Outstanding Share Data
The following table represents the number of Common Shares and options outstanding:
As at November 7, 2012 (thousands) ---------------------------------------------------------------------------- Common Shares 37,731 Options 3,348 ----------------------------------------------------------------------------
On July 13, 2005, CMG adopted a rolling stock option plan which allows the Company to grant options to its employees and directors to acquire Common Shares of up to 10% of the outstanding Common Shares at the date of grant. Based upon this calculation, at November 7, 2012, CMG could grant up to 3,773,000 stock options.
Disclosure Controls and Procedures and Internal Control over Financial Reporting
Management is responsible for establishing and maintaining disclosure controls and procedures ("DC&P") and internal control over financial reporting ("ICFR") as defined under National Instrument 52-109. These controls and procedures were reviewed and the effectiveness of their design and operation was evaluated in fiscal 2012 in accordance with the COSO control framework. The evaluation confirmed the effectiveness of DC&P and ICFR at March 31, 2012. During our fiscal year 2013, we continue to monitor and review our controls and procedures.

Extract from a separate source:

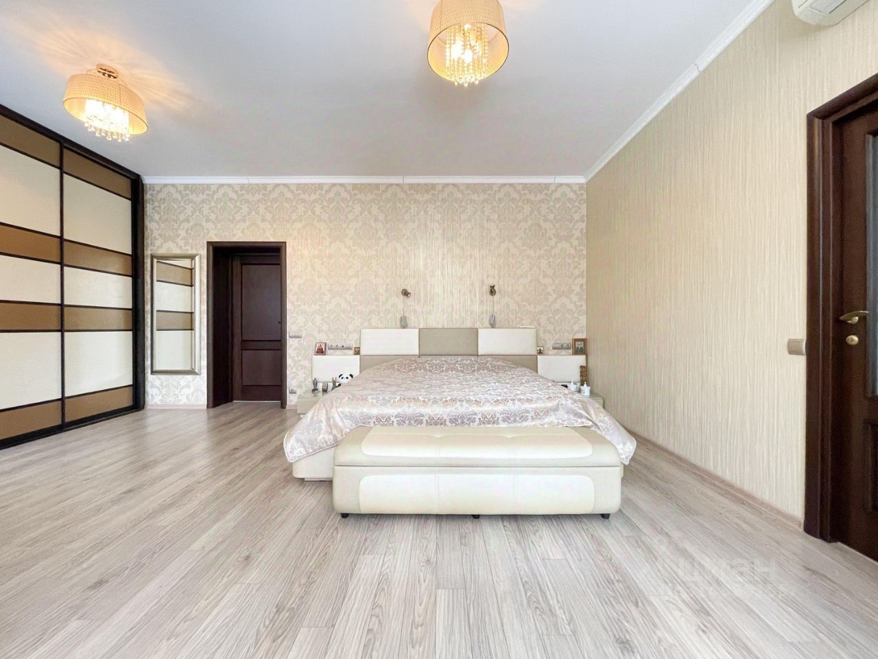На втором этаже расположены мастер спальня с санузлом, детская, гостевая спальня, гардеробная. Установлена охранная система, видео наблюдение. В санузлах теплые полы.

During the six months ended September 30, 2012, there have been no significant changes to the Company's ICFR that have materially affected, or are reasonably likely to materially affect, the company's ICFR.
Outlook
Our second quarter of fiscal 2013 has continued to show growth in our annuity/maintenance revenue stream with increases experienced across all geographic regions. Over 80% of our software license revenue is derived from our annuity and maintenance contracts, and with a strong renewal rate, we expect to see continued growth in this revenue base. During the second quarter, our EBITDA increased by 53% which demonstrates our ability to effectively manage our corporate costs.

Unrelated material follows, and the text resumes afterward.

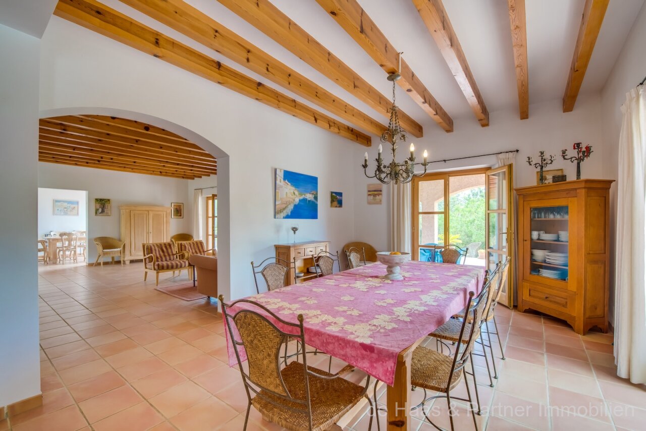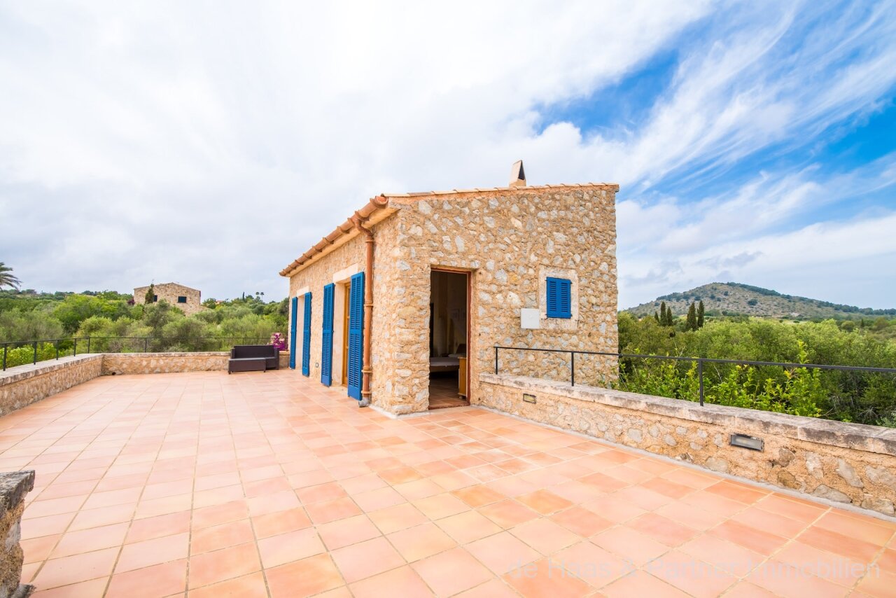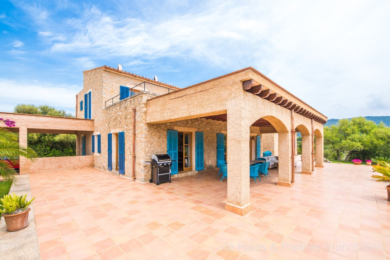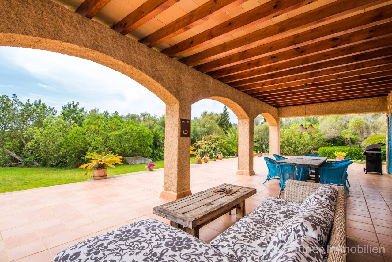 Finca is in a very good and quiet location near Son Servera and Costa de los Pinos. Best sea view of the bay of Costa de los Pinos. Well-kept plot (approx. 7.103m2) with beautifully landscaped gardens.

CMG continues to focus its resources on the development, enhancement and deployment of simulation software tools relevant to the challenges and opportunities facing its diverse customer base. While oil prices continue to fluctuate, they remain at levels that should allow our customers to move forward on projects involving various types of unconventional reserves and advanced recovery processes. The greater challenges have been with natural gas prices, which have not fared as well, and petroleum producers are faced with uncertainty related to the fears of another worldwide economic recession, political unrest in several petroleum producing countries and environmental issues that have threatened to increase the costs of development and production.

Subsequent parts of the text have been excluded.